__TASK PROMPT__. Restate the listing below line for line and word for word, without the pictures.

DATASET RECORDS Block Start

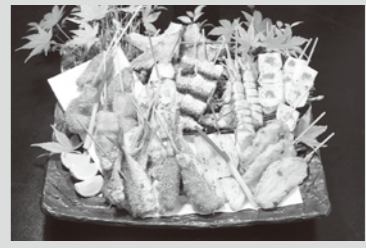
新作メニューの「魚串」

天草の旬の食材や食の魅力を一堂に集めた「天草食の祭典2011」を開催します。天草オリジナルの新作メニューをはじめ、海鮮丼、豪華炭火焼、旬の海鮮、産直野菜の直売や、ステージイベントなどが盛りだくさんです。豪華賞品が当たる抽選会や、温泉割引券のプレゼントなどもありますので、ご家族やお友だちで、ぜひご来場ください。
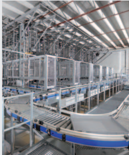
AKL Ein- Auslagerung

Effiziente Systemtechnik sowie eine zukunftsorientierte Anlagen- und Materialflusskonzeption sind die wesentlichen Erfolgsfaktoren bei der Erstellung und Einrichtung moderner Distributionszentren. Beispiel: der dänische Möbelhersteller JYSK, in Deutschland bekannt unter dem Firmennamen Dänisches Bettenlager. Der europäische Marktführer für Artikel im Schlaf-, Bad- und Wohnbereich in Uldum, nördlich von Vejle in Ostjütland, hat sein neues Zentrallager für 170 Shops in Dänemark, Norwegen, England und den Benelux Staaten in Betrieb genommen. Eine Anlage mit riesigen Dimensionen. Mit drei kombinierten Hochregallagern und zwei gekoppelten automatischen Kleinteilelagern entstand dort das mit rund 200 Arbeitsplätzen und 1,43 Millionen Kubikmetern größte Logistikkager Dänemarks. Es wurden vier JYSK Standorte zusammengeführt, um dadurch eine bessere Lieferqualität durch Lagerung und Zugriff auf alle Artikel zu erzielen.
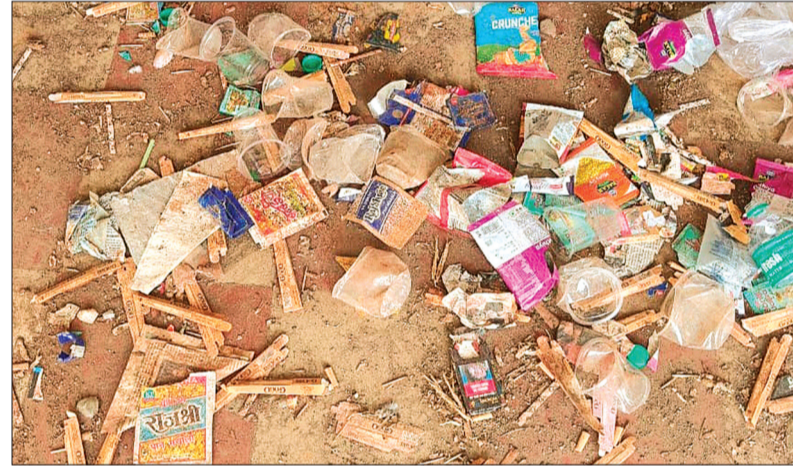
भैरूदा। बड़ी मात्रा में गोगो नाम के रैपर के पैकेट से अंदाजा लगाया जा सकता है।
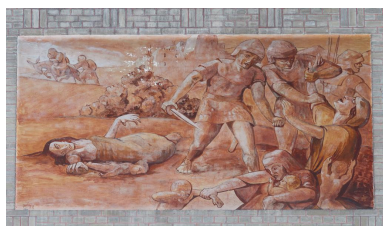
Vue de la quatrième peinture du côté ouest : le Massacre des Innocents. IVR32_20215900316NUCA
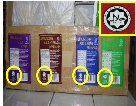
Lokasi: Premis Makanan Di Muar Tarikh: 2 Disember 2014
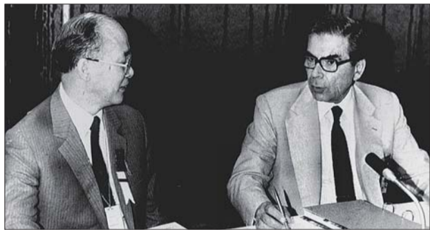
1985年6月5日,何振梁以全票当选为国际奥委会执行委员会委员。图为何振梁(左)同希腊代表菲拉雷托斯交谈。
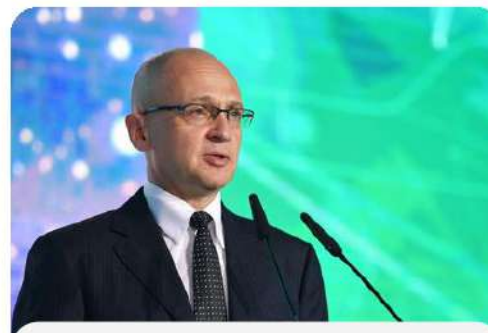
Кириенко Сергей Владиленович

Первый заместитель Руководителя Администрации Президента Российской Федерации
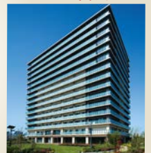
住宅棟外観(土地・建物:賃借)
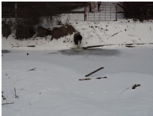
Stan napełnienia i zalodzenia głównego stawu przy Leśnym Dworze (lewe, 27.01.2026 i prawe, 6.01.2026)
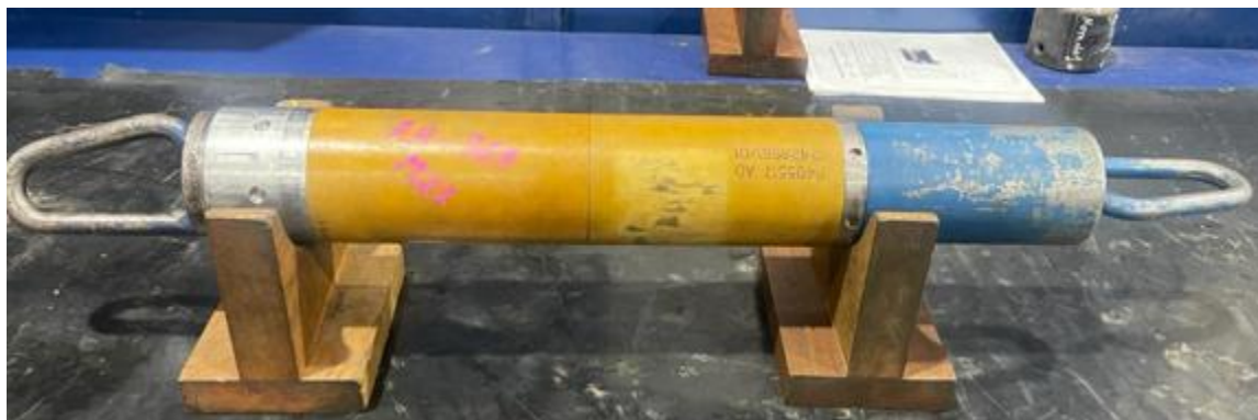
Figura 1: Imagem do AH-369-A

DATASET RECORDS Block End

__OUTPUT FOR THIS EXERCISE__.
新作メニューの「魚串」

天草の旬の食材や食の魅力を一堂に集めた「天草食の祭典2011」を開催します。天草オリジナルの新作メニューをはじめ、海鮮丼、豪華炭火焼、旬の海鮮、産直野菜の直売や、ステージイベントなどが盛りだくさんです。豪華賞品が当たる抽選会や、温泉割引券のプレゼントなどもありますので、ご家族やお友だちで、ぜひご来場ください。
AKL Ein- Auslagerung

Effiziente Systemtechnik sowie eine zukunftsorientierte Anlagen- und Materialflusskonzeption sind die wesentlichen Erfolgsfaktoren bei der Erstellung und Einrichtung moderner Distributionszentren. Beispiel: der dänische Möbelhersteller JYSK, in Deutschland bekannt unter dem Firmennamen Dänisches Bettenlager. Der europäische Marktführer für Artikel im Schlaf-, Bad- und Wohnbereich in Uldum, nördlich von Vejle in Ostjütland, hat sein neues Zentrallager für 170 Shops in Dänemark, Norwegen, England und den Benelux Staaten in Betrieb genommen. Eine Anlage mit riesigen Dimensionen. Mit drei kombinierten Hochregallagern und zwei gekoppelten automatischen Kleinteilelagern entstand dort das mit rund 200 Arbeitsplätzen und 1,43 Millionen Kubikmetern größte Logistikkager Dänemarks. Es wurden vier JYSK Standorte zusammengeführt, um dadurch eine bessere Lieferqualität durch Lagerung und Zugriff auf alle Artikel zu erzielen.
भैरूदा। बड़ी मात्रा में गोगो नाम के रैपर के पैकेट से अंदाजा लगाया जा सकता है।
Vue de la quatrième peinture du côté ouest : le Massacre des Innocents. IVR32_20215900316NUCA
Lokasi: Premis Makanan Di Muar Tarikh: 2 Disember 2014
1985年6月5日,何振梁以全票当选为国际奥委会执行委员会委员。图为何振梁(左)同希腊代表菲拉雷托斯交谈。
Кириенко Сергей Владиленович

Первый заместитель Руководителя Администрации Президента Российской Федерации
住宅棟外観(土地・建物:賃借)
Stan napełnienia i zalodzenia głównego stawu przy Leśnym Dworze (lewe, 27.01.2026 i prawe, 6.01.2026)
Figura 1: Imagem do AH-369-A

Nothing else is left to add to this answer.